За трухлявым столом в ожидании партнеров уже скучают члены дворового
генерального штаба: лодочник Семен Выдров (попросту Выдра), рядом с ним
тихий человек с тихой фамилией Смирный, а также два алкоголика
неопределенных лет и занятий - Вова и Коля. У них нет права голоса. В игру
их не принимают, как низший класс, но иногда выпускают на подмену
подержаться за домино. Но Вова с Колей ни на что не претендуют, просто
хотят культурно провести вечер. Сегодня им повезло - генеральный штаб еще
не в полном сборе, и Выдра приглашает их на разминку. Вова мешает камни,
Коля заглядывает другу через плечо и готовится давать советы.
Разминка начинается.
Выдра играет, как бог, но все специфические доминошные выражения
припасены им к вечернему заседанию, и он пока снисходительно наблюдает, как
Вова то и дело рубит собственные концы. Нордост попивает чай, а его партнер
Смирный ладонью прикрывает камни от нескромных заглядываний Коли и двумя
пальцами аккуратно стыкует "бубочку к бубочке".
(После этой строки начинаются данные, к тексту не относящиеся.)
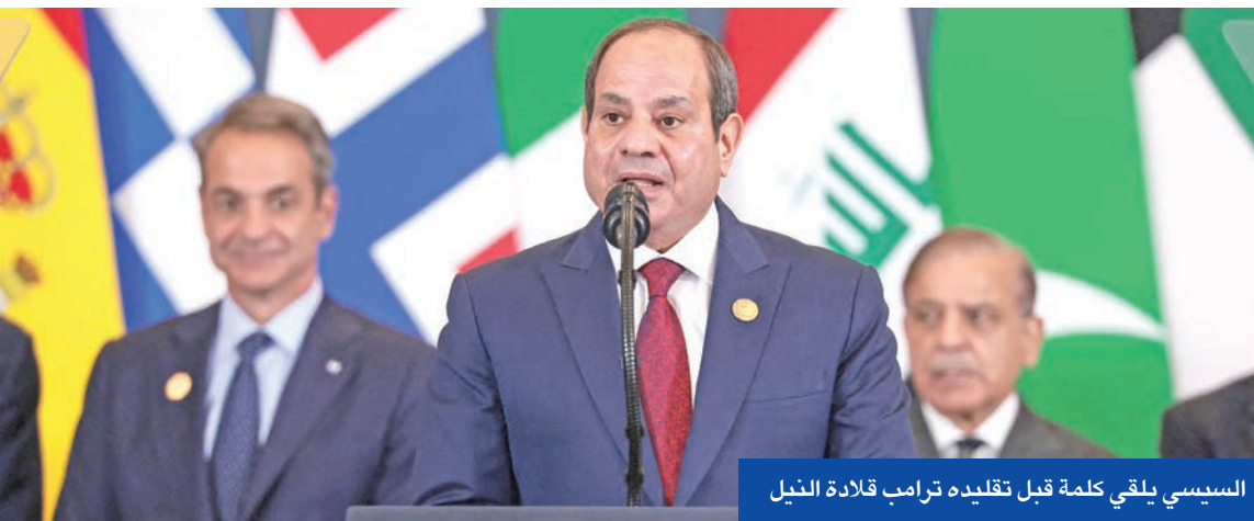
السيسي يلقي كلمة قبل تقليده ترامب قلادة النيل

في أعمال التخطيط و«التوطيد الدبلوماسي» وتدريب قوات الأمن الفلسطينية. وفيما يتعلق بنشر القوة الدولية، أشار إلى أن هناك «إجماعاً» ناشئاً على أن تكون «قوات إقليمية في المقام الأول» مع احتمال مشاركة دول أخرى مثل إندونيسيا التي من المقرر أن يزور رئيسها إسرائيل اليوم. وأبرز ماركون أن إحدى مهام القوة الرئيسية ستكون «تسريح عناصر حماس ونزع سلاحها تحت مراقبة دقيقة من جميع دول المنطقة والمجتمع الدولي». وأعرب وزير الخارجية الروسي سيرغي لافروف عن تمنيات روسيا بنجاح قمة شرم الشيخ، لكنه شدد على أن خطة ترامب تتناول قطاع غزة فقط، ويجب أن تكون أكثر تحديداً بشأن المصير الذي ينتظر الضفة الغربية. وعبر عن تشكك روسيا «في إمكانية التوصل إلى تسوية مستدامة في غزة، فقد تبددت آمال السلام في المنطقة عدة مرات».
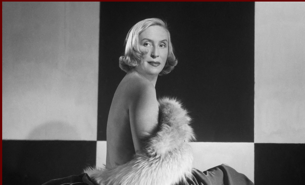
Suzy Solidor photographée par le Studio Harcourt, 1954. © Studio Harcourt / Rmn - Grand Palais via AFP

“Chaque femme je la veux Des talons jusqu'aux cheveux J'emprisonne dans mes vœux Les inconnues
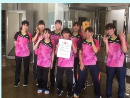
R 2 10月 新人戦 西三予選 女子団体 8位
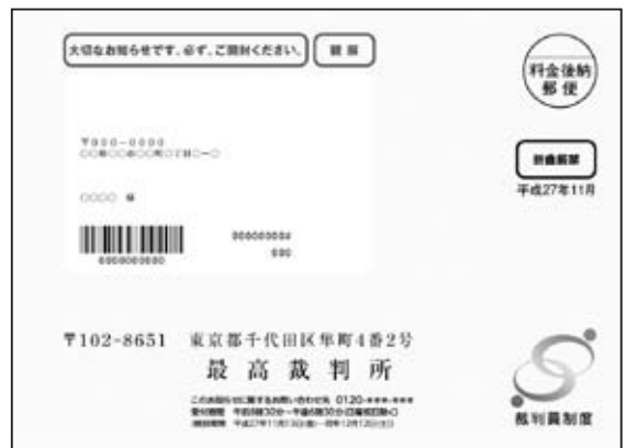
候補者に送られてくる封筒

平成27年には、6,767名の方が裁判員として裁判に参加し、1,104件の判決が言い渡されています。
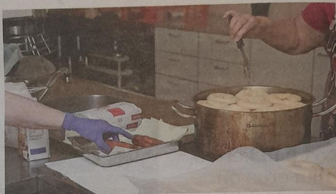
Vapaaehtoistehävissä henkilö voi hyödyntää omaa elämäkokemustaan ja osaamistaan, kehittää itseään ja vaikuttaa tärkeäksi kokemuksiinsa asioihin.

Vapaaehtoistehävissä henkilö voi hyödyntää omaa elämäkokemustaan ja osaamistaan, kehittää itseään ja vaikuttaa tärkeäksi kokemuksiinsa asioihin. Vapaaeh-
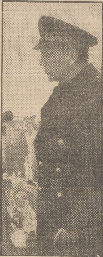
Raimundo Fernández-Cuesta ofreciendo al Caudillo la significación y alcance de la gran concentración de ex combatientes en el Alto de los Leones

Nuestro Movimiento, pues, ni es reacción, ni contrarrevolución, ni dictadura transitoria que busca vencer los obstáculos y resistencias que se oponen a una tarea de restauración, sino un régimen nuevo, instaurado por la Revolución nacional en Julio de 1936 con una doctrina política, social y filosófica que en lo fundamental sigue siendo hoy tan válida como cuando se formulara, pero, en lo contingente y circunstancial, perfectamente adaptable a la realidad de cada momento, por lo mismo que más que un programa concreto—y ésta fue su originalidad—era una manera de entender la vida y de reaccionar ante los problemas que ésta presenta,
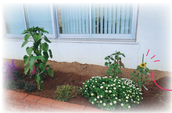
2月21日、北部営農経済センターの花壇に、小さなひまわりが花開きました!
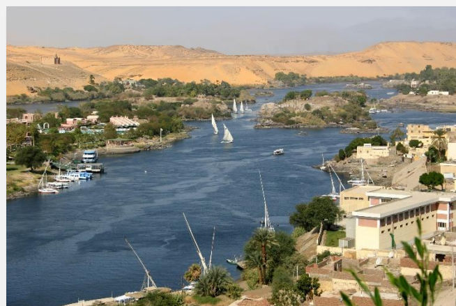
Θέα στον Νείλο από το φράγμα του Ασσουάν
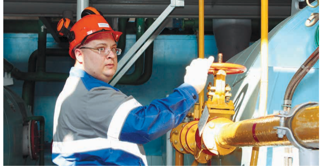
Включение газопровода для запуска котла в работу. Котельная УАВР, Ухта

Во двор въезжает инвалид Федор Иванович Крюков, съездивший только что
на велосипеде из Аркадии в Отраду. Он немного запыхался.
- Куда лепишь! - предостерегает Крюков, но поздно: Вова безнадежно
сидит с зарубленным "голым" дублем, а Смирный через ход кончает.
- Ану подвинься!
Вова с Колей с почетом изгоняются из игры. Теперь Выдра играет на пару
с инвалидом Крюковым. Это чемпионская пара, равных им нет. Нордост забывает
про чай, а Смирный напряженно думает, думает, думает...
- Ставь! Не корову проигрываешь! - торопит Выдра.
- Став не речка, - глубокомысленно огрызается Смирный и ставит.
Народ потихоньку собирается на вечернее заседание генштаба. Является
всеобщий любимец - глухонемой художник-оформитель, местный Пиросманишвили.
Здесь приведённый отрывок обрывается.